ACTIVITY:
Please return the listing exactly as it stands, skipping any pictures.

INFORMATION PROVIDED:
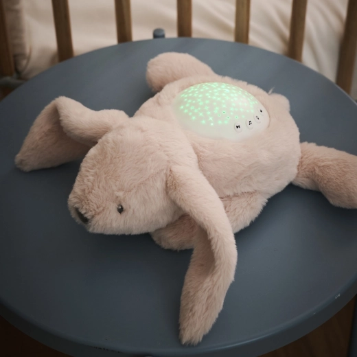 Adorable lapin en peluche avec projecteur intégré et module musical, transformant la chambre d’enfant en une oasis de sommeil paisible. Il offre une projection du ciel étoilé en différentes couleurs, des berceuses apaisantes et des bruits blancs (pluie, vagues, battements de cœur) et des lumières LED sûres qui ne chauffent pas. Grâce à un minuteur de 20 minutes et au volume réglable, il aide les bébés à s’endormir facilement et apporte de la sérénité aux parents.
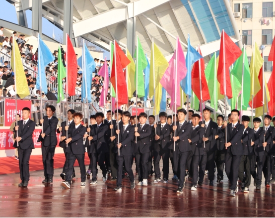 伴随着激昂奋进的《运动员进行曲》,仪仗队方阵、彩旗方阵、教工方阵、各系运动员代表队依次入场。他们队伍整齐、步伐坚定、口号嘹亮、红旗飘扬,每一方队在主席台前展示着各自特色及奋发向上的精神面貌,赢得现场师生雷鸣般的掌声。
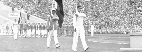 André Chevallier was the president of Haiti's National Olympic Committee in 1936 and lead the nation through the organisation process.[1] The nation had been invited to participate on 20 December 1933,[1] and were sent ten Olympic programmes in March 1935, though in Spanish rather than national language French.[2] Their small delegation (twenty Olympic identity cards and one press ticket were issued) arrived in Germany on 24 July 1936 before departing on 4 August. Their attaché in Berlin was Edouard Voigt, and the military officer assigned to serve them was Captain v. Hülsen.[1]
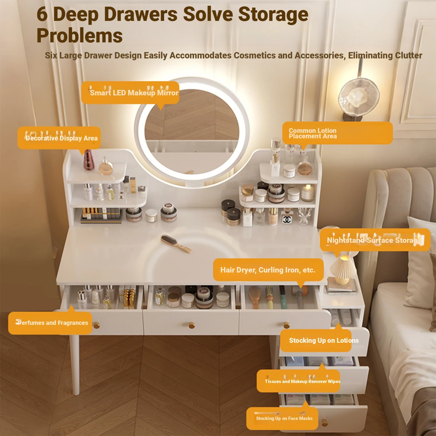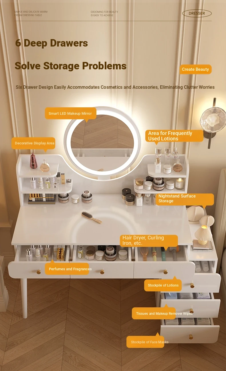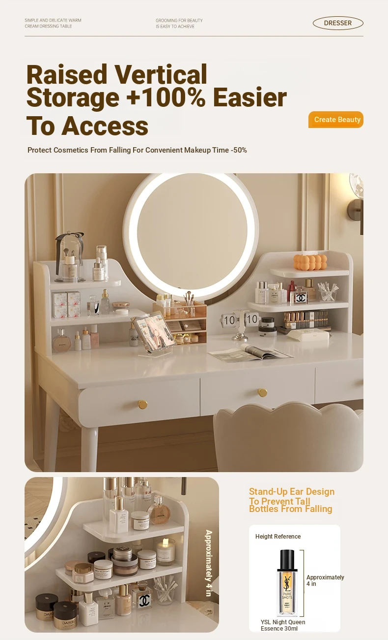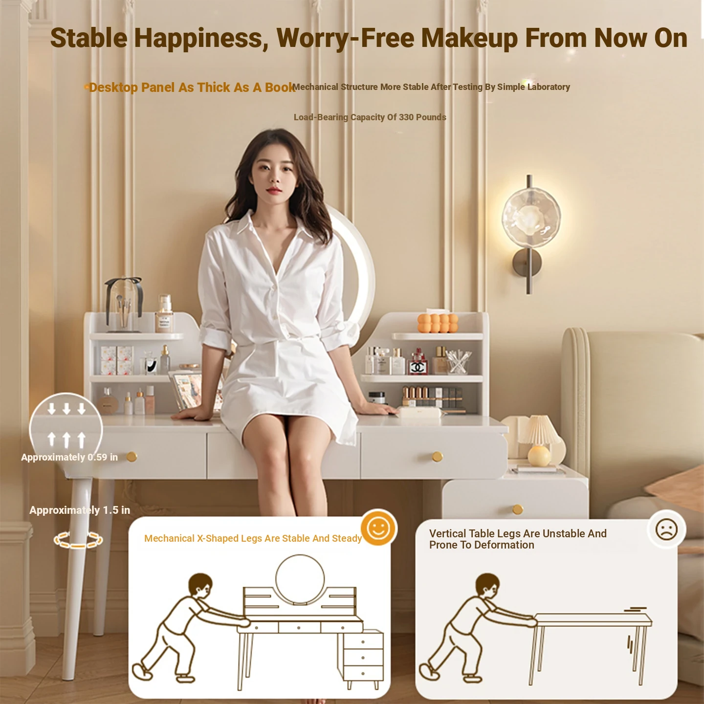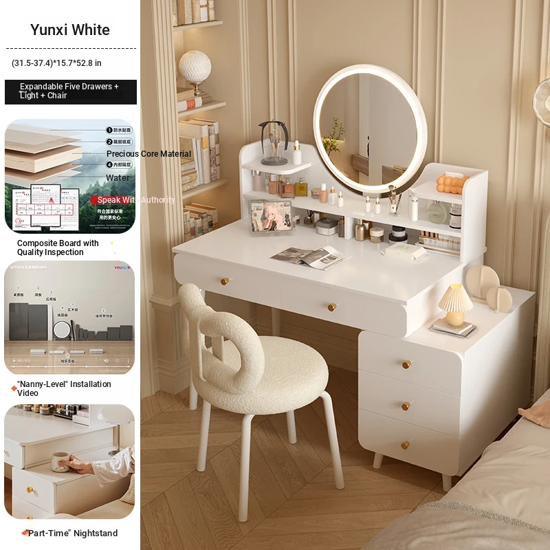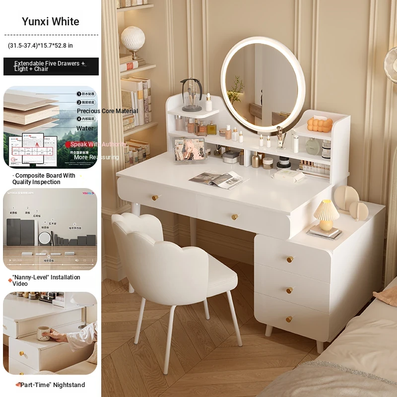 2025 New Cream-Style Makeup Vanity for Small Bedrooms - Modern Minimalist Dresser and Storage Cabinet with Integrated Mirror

WRITTEN RESPONSE:
 Adorable lapin en peluche avec projecteur intégré et module musical, transformant la chambre d’enfant en une oasis de sommeil paisible. Il offre une projection du ciel étoilé en différentes couleurs, des berceuses apaisantes et des bruits blancs (pluie, vagues, battements de cœur) et des lumières LED sûres qui ne chauffent pas. Grâce à un minuteur de 20 minutes et au volume réglable, il aide les bébés à s’endormir facilement et apporte de la sérénité aux parents.
 伴随着激昂奋进的《运动员进行曲》,仪仗队方阵、彩旗方阵、教工方阵、各系运动员代表队依次入场。他们队伍整齐、步伐坚定、口号嘹亮、红旗飘扬,每一方队在主席台前展示着各自特色及奋发向上的精神面貌,赢得现场师生雷鸣般的掌声。
 André Chevallier was the president of Haiti's National Olympic Committee in 1936 and lead the nation through the organisation process.[1] The nation had been invited to participate on 20 December 1933,[1] and were sent ten Olympic programmes in March 1935, though in Spanish rather than national language French.[2] Their small delegation (twenty Olympic identity cards and one press ticket were issued) arrived in Germany on 24 July 1936 before departing on 4 August. Their attaché in Berlin was Edouard Voigt, and the military officer assigned to serve them was Captain v. Hülsen.[1]
 2025 New Cream-Style Makeup Vanity for Small Bedrooms - Modern Minimalist Dresser and Storage Cabinet with Integrated Mirror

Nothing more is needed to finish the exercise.